It is no saltier than any other salt (NaCL).


----------



## Addie (Jan 1, 2012)

Sea salt for everything exept baking. I find that sea salt has a less salty taste.


----------



## Sir_Loin_of_Beef (Jan 1, 2012)

If by better you mean more healthful,marginally. Table salt, kosher salt, and rock salt for water softeners and melting ice are all 100% Sodium Chloride (NaCl), while sea salt is approximately 98% NaCl and 2% other salt compounds.


----------



## Sir_Loin_of_Beef (Jan 1, 2012)

Andy M. said:


> Commercial site for sure. I especially liked the 'organic' sea salt. Using the 'organic' label to capitalize on the trend.
> 
> I wonder if it was free range too.


 
Organic is the new Oat bran. 

What I would like to know is how long they're going to get away with claiming their salt is organic, considering salt is a mineral, and therefore can not be organic!


----------



## Steve Kroll (Jan 1, 2012)

Gourmet Greg said:


> So what do you think? Table salt or sea salt?


I don't find this to be a one or the other question. I prefer Kosher salt for almost everything. But I occasionally use sea salt as a finishing salt - maybe "edible garnish" is a more apt phrase.

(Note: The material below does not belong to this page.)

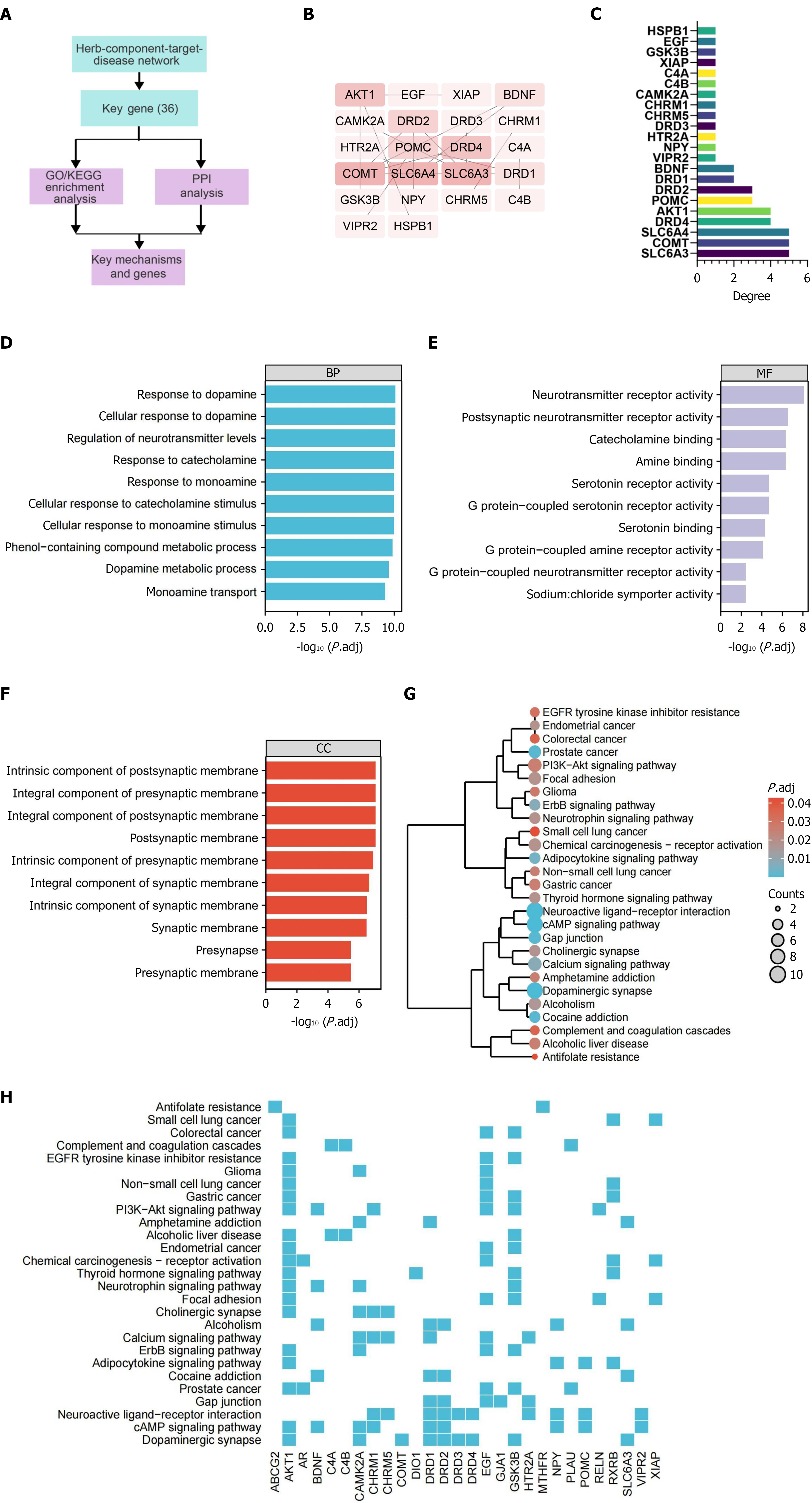 A: Simplified flowchart of the bioinformatics analysis for identifying key signaling pathways involved in schizophrenia relief via Yueju pill combined with olanzapine; B: Protein-protein interaction (PPI) network constructed using Cytoscape software based on 36 candidate genes regulated by Yueju pill combined with olanzapine, with larger text and darker background indicating higher degree values; C: Degree values within the PPI network; D-F: Partial results of Gene Ontology analysis for the 36 candidate genes regulated by Yueju pill combined with olanzapine, covering biological processes, molecular functions, and cellular components; G and H: Kyoto Encyclopedia of Genes and Genomes pathway analysis of the 36 candidate genes regulated by Yueju pill combined with olanzapine, presented as a hierarchical tree (G) and a gene heatmap (H), sorted by P adjust values. The size of the circles represents the number of selected genes, and the color indicates the enrichment analysis P value. GO: Gene Ontology; KEGG: Kyoto Encyclopedia of Genes and Genomes; PPI: Protein-protein interaction.

I've read Kurlansky's book. He discusses in great detail how unrefined sea salt was used throughout history, mostly because people had no other choices. But he also goes on to say that refined salt, when available, was almost universally preferred. I think that still holds true today, for the most part. Unrefined sea salt has become sort of a foodie fad item in recent years, but I don't see it as a replacement for refined salt.

As far as pinching salt out of a dish, I agree it's easier to get a feel for it this way, and also makes it harder to over-salt food. I have a stove side salt cellar I use for seasoning. I fill mine with Kosher salt.


----------



## Fabiabi (Jan 1, 2012)

taxlady said:


> In Denmark it is very common to have tiny little salt cellars at every place setting. There is often a teensy little spoon with it. Some people swear by picking up the salt with their fingers. They claim that there is a tiny amount of skin oils that get into the salt and add extra dimension. The salt in the tiny little salt cellars is always coarse salt (well, maybe medium).



That's very interesting to hear about pinching salt with your fingers. I like the idea of having ones own individual salt cellar.


----------



## CWS4322 (Jan 1, 2012)

Fabiabi said:


> That's very interesting to hear about pinching salt with your fingers. I like the idea of having ones own individual salt cellar.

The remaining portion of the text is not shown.